The alarm was raised around 8am on Monday, March 25, 2019, when Ms Downey was found partially out of her bed, in a contorted position with her lower legs still on the bed, with Darragh trapped under her torso.

The inquest was told that Ms Downey’s right breast was exposed and doctors believed that she may have been breastfeeding when she suffered a sudden onset seizure.

In her statement, Prof O’Donoghue said she found Ms Downey half out of the bed, with her legs still on the bed and her upper body on the floor.

“She was in an unnatural position, with her neck twisted up and to the left, facing the door, up against the corner of the bathroom door and wall,” she said.

“Her face was very suffused and purple in colour, her neck and body were pale, and her legs were pale and white.

I quickly moved over to Ms Downey and felt her neck for a pulse. Her face was suffused and cold. Her eyes were staring, and there was blood around her mouth.”

She said she raised the alarm and several doctors and midwives rushed to the room.

They rechecked for a pulse and confirmed there was none, and they agreed that all emergency medical response should now focus on Darragh, who was recovered “cold and unresponsive” from under his mother’s body.

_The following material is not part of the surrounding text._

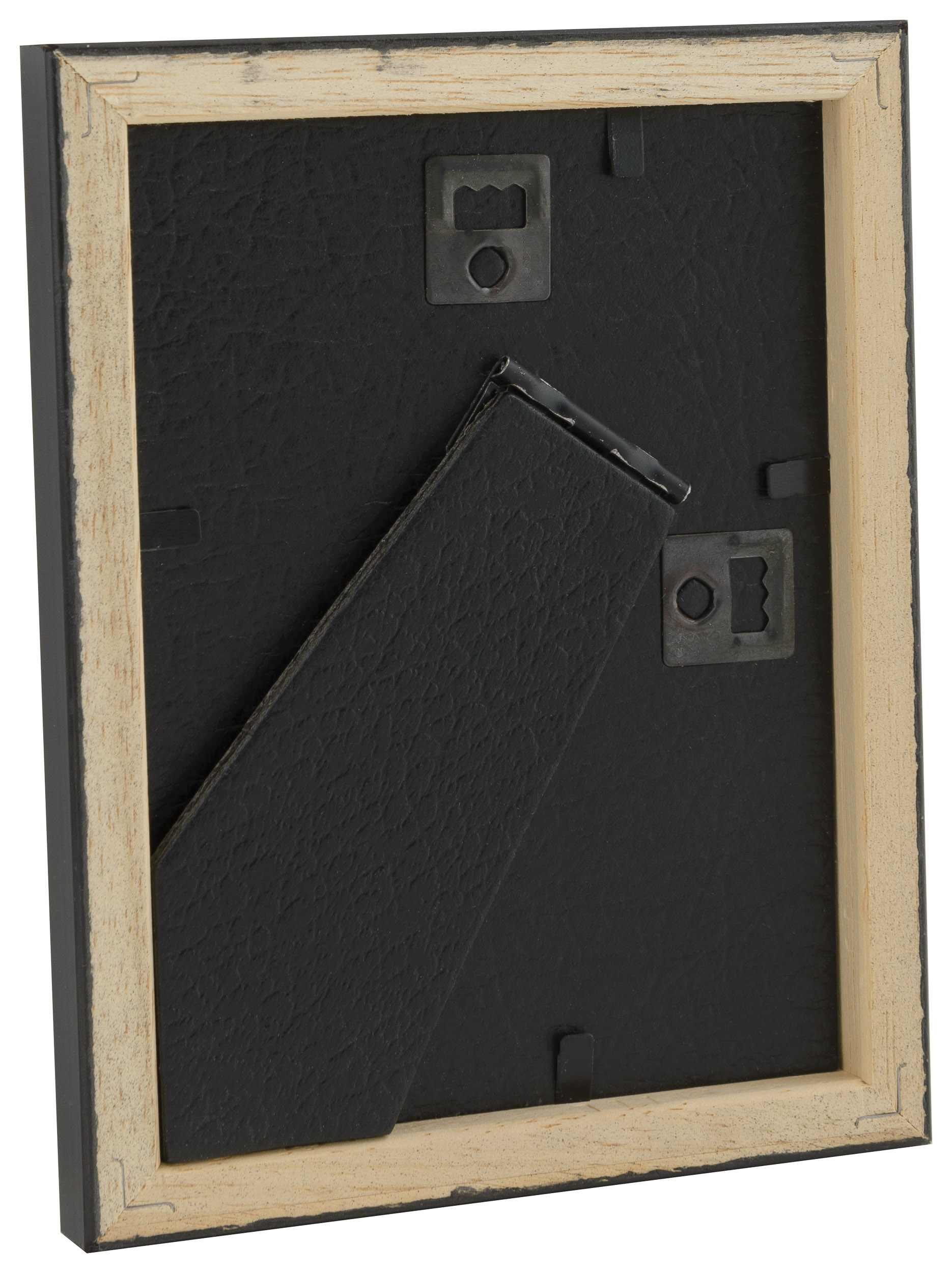 Puneți fotografia, pictura sau posterul dumneavoastră în această ramă elegantă! Rama este fabricată din lemn vopsit negru și are un geam antireflex. Spatele și suportul sunt îmbrăcate în imitație de piele neagră, oferind o senzație extra luxoasă.

In her statement, which was read into the record, Dr Hannah Glynn, a junior obstetrics registrar, said as she rushed towards Ms Downey’s room, she passed midwives running towards the neonatal nursery resuscitation room, carrying baby Darragh, and heard one of them say: "I think this baby is gone, and the mother is too".

Prof O’Donoghue pronounced Ms Downey dead at 8.20am.

Consultant neonatologist, Dr Brian Murphy, told the inquest how neonatal doctors began intensive resuscitation efforts on Darragh, including breathing supports, intubation, administration of adrenaline and fluids, and cardiac compressions.

He said a heartbeat was first detected 20 minutes into the resuscitation, but it was just 60 beats per minute — a very low rate — followed by the detection of a weak pulse.

He said Darragh’s heart rate increased to about 136 beats per minute a few minutes later, and he was transferred to the neonatal intensive care unit.

But he said Darragh did not respond to stimuli, there was no spontaneous movement, there was minimal electrical activity in the brain, and at no stage did medical staff see any sustained respiratory effort.

He said Darragh had “an occasional gasp on the ventilator”, but there were no signs of life.

Dr Murphy said by the Tuesday morning, March 26, it was clear that Darragh had been starved of oxygen while trapped under his mother’s body, and had suffered a severe and irreversible brain injury.

He said ongoing intensive care support was futile, and not in Darragh’s best interests and, following consultation with medical colleagues and the Downey family that morning, a decision was taken to withdraw intensive care supports.

“From the moment I met him that morning, I knew the prognosis was bleak,” said Dr Murphy.

I felt it was unlikely he would survive, but I wanted to be absolutely certain for myself, and more importantly for Darragh and his family, that we gave him every chance of recovery.” 

Darragh was brought in a cot to a family room to be with his father and brothers before intensive care support was withdrawn at 4.27pm. Dr Murphy pronounced death at 5pm.

An independent review into the deaths has already found that the care delivered to Ms Downey during her pregnancy and in the postpartum period was not in line with HSE guidelines on the ‘management of women with epilepsy'.

All but its 11 recommendations have been ruled inadmissible by the coroner.

CUMH has previously apologised to the Downey family for the deaths of Ms Downey and Darragh while in its care.

The inquest, which has run late into the evening over the last two days, is set to continue before a jury of four men and three women again tomorrow.